[INPUT FOR THIS TASK]
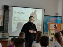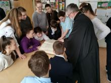 16 марта клирик Зачатьевского храма города Чехов священник Георгий Шадрин провел открытый урок по теме «День православной книги» для учащихся 6-го класса МБСОУ СОШ №3 города Чехов. Дети познакомились с историей книгопечатания на Руси, технологией изготвления первых книг. На выставке литературы был представлен образец старинной богослужебной книги «Псалтирь следованная», которую дети могли посмотреть и потрогать своими руками.
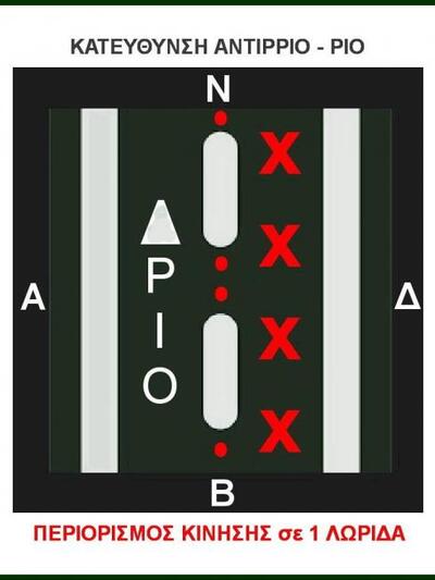 - και στις δύο λωρίδες κυκλοφορίας στην κατεύθυνση από Ρίο προς Αντίρριο
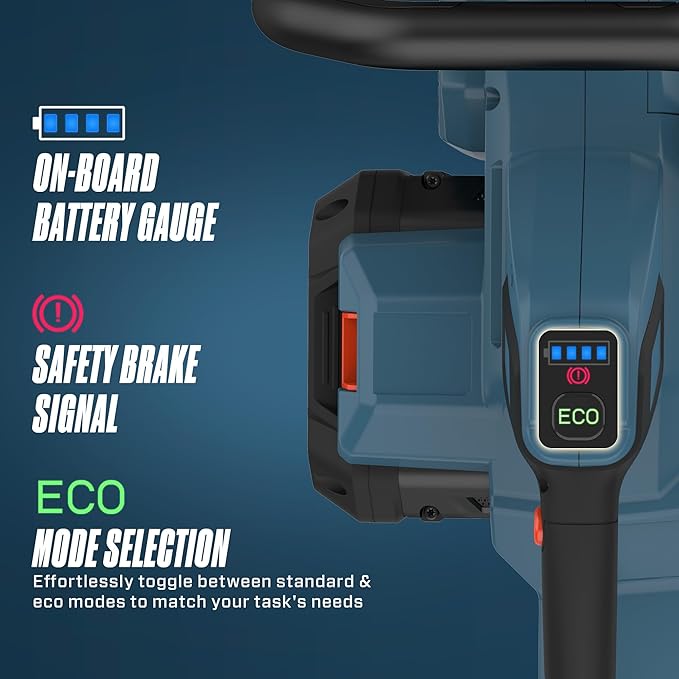 • EFFORTLESS MAINTENANCE & PRECISION CONTROL: SENIX chain saw features tool-free tensioning and automatic oiling. ECO Mode optimizes this 18 inch chainsaw battery included tool for energy efficiency while tackling delicate pruning tasks.
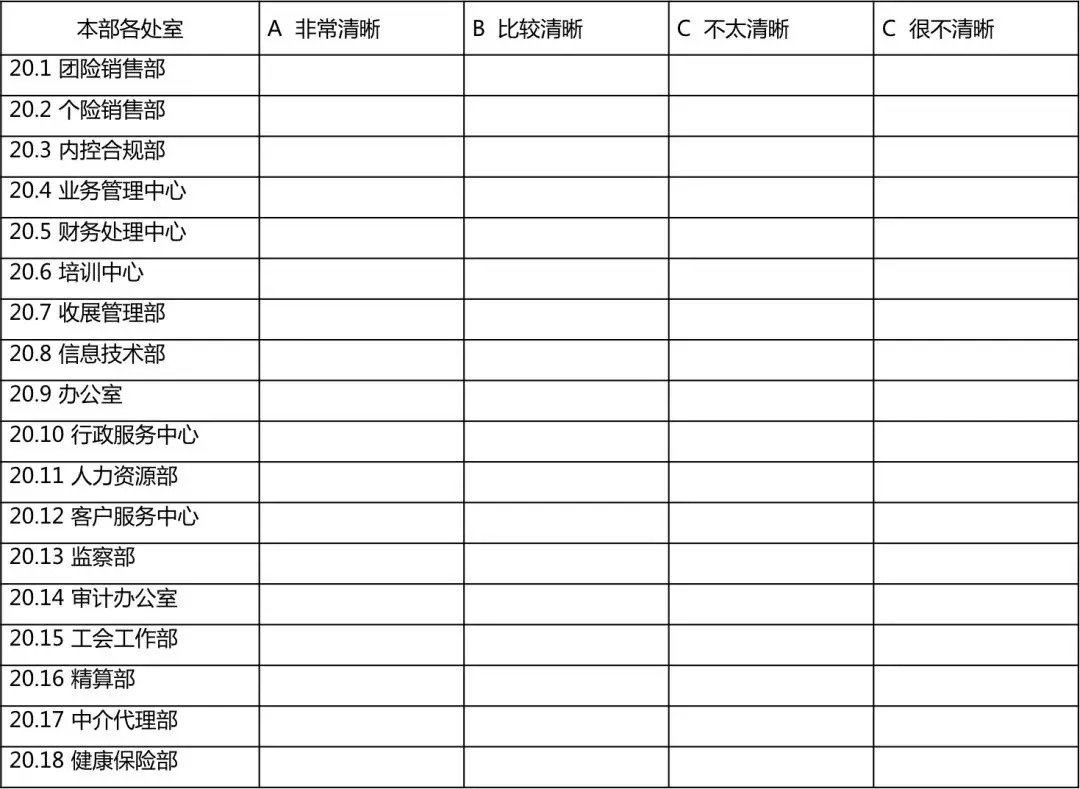 20,您认为BF本部各处室的职责、权限划分是否清晰?(每行单选)
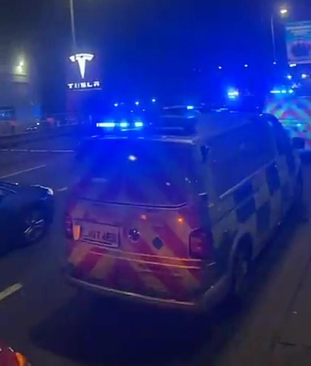 ‘A female, who is believed to have been with the stationary Tesla, was treated for injuries that have been assessed as non life-threatening.
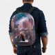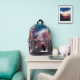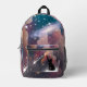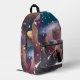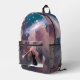 This outer space illustration seems a bit surreal with clouds in blue, pink, purple and yellow. A black cat sits on the moon gazing out at the stars with fascination as she reaches out to grab one in this funny feline cartoon that is sure to be appreciated by any black cat lover.
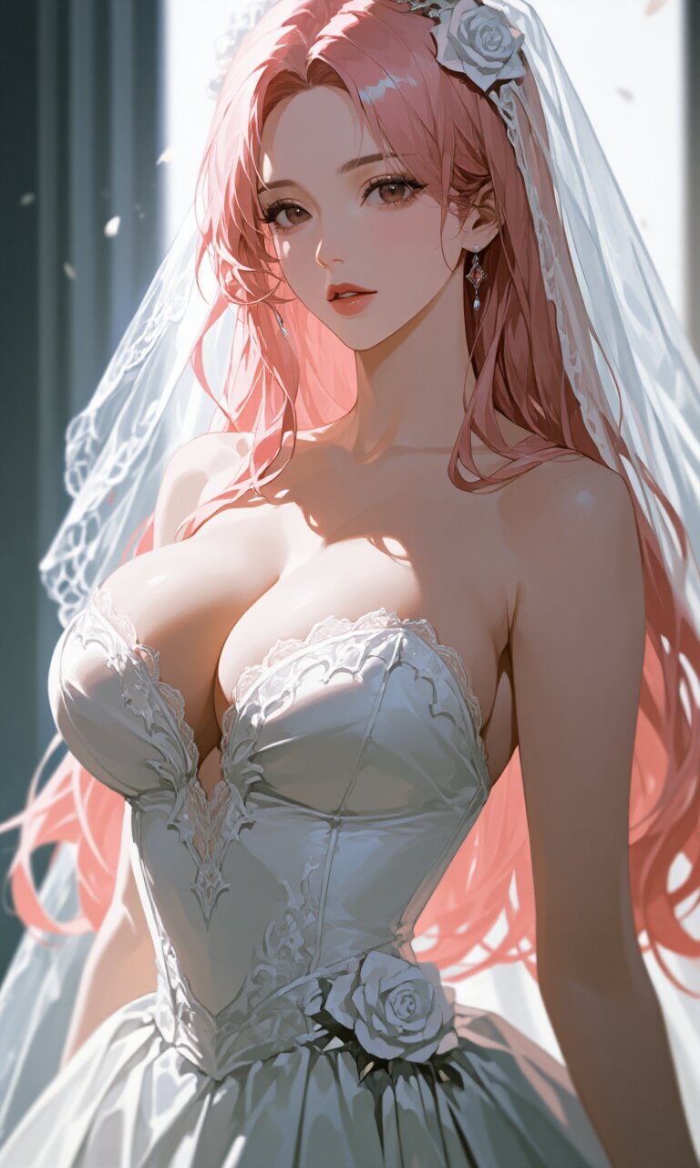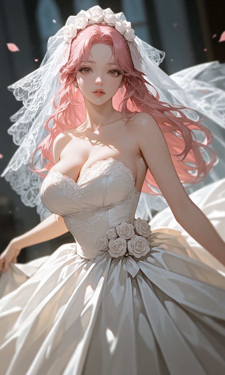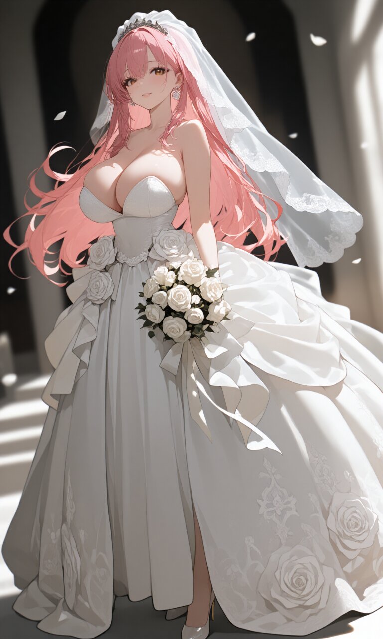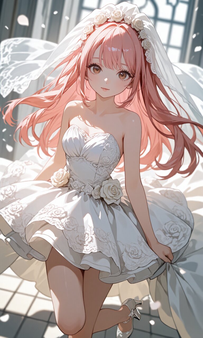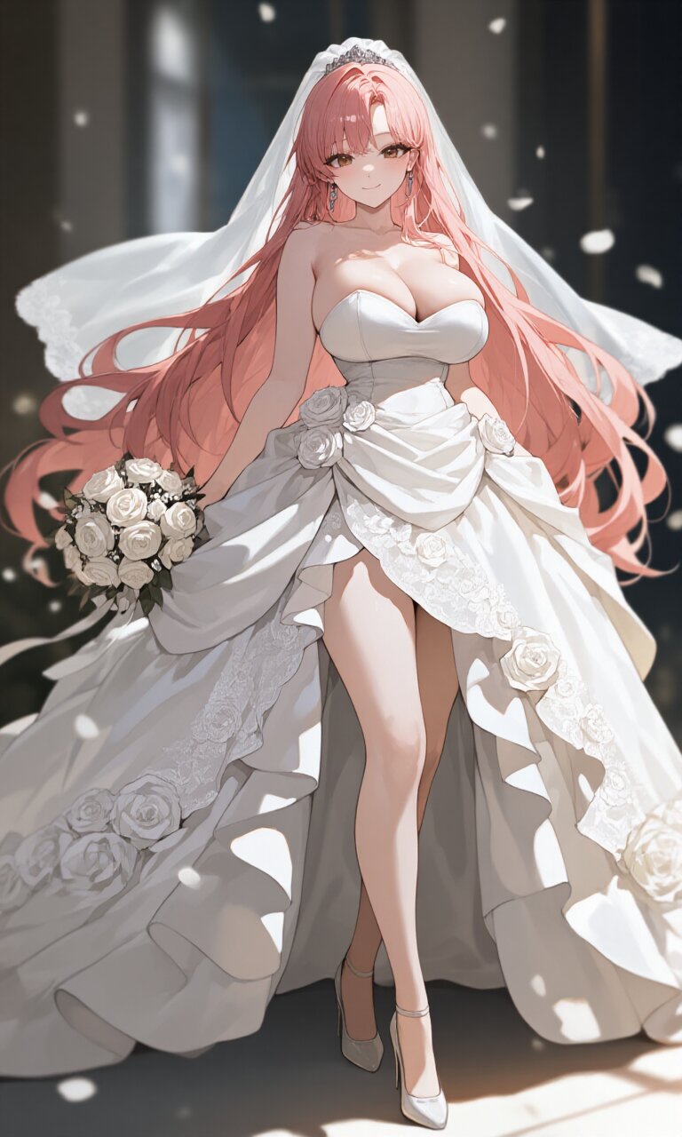 Masterpiece, high quality,pink long hair, brown eyes,eyelashes,clevas,point breasts,covered with a gathered strapless wedding dress, white rose accents on the waist, and white rose-patterned organdy lace over the dress,high heels,
[/INPUT FOR THIS TASK]
WHAT YOU ARE ASKED TO DO: Could you please return the entries above exactly, minus the pictures?

PROBLEM SOLUTION:
 16 марта клирик Зачатьевского храма города Чехов священник Георгий Шадрин провел открытый урок по теме «День православной книги» для учащихся 6-го класса МБСОУ СОШ №3 города Чехов. Дети познакомились с историей книгопечатания на Руси, технологией изготвления первых книг. На выставке литературы был представлен образец старинной богослужебной книги «Псалтирь следованная», которую дети могли посмотреть и потрогать своими руками.
 - και στις δύο λωρίδες κυκλοφορίας στην κατεύθυνση από Ρίο προς Αντίρριο
 • EFFORTLESS MAINTENANCE & PRECISION CONTROL: SENIX chain saw features tool-free tensioning and automatic oiling. ECO Mode optimizes this 18 inch chainsaw battery included tool for energy efficiency while tackling delicate pruning tasks.
 20,您认为BF本部各处室的职责、权限划分是否清晰?(每行单选)
 ‘A female, who is believed to have been with the stationary Tesla, was treated for injuries that have been assessed as non life-threatening.
 This outer space illustration seems a bit surreal with clouds in blue, pink, purple and yellow. A black cat sits on the moon gazing out at the stars with fascination as she reaches out to grab one in this funny feline cartoon that is sure to be appreciated by any black cat lover.
 Masterpiece, high quality,pink long hair, brown eyes,eyelashes,clevas,point breasts,covered with a gathered strapless wedding dress, white rose accents on the waist, and white rose-patterned organdy lace over the dress,high heels,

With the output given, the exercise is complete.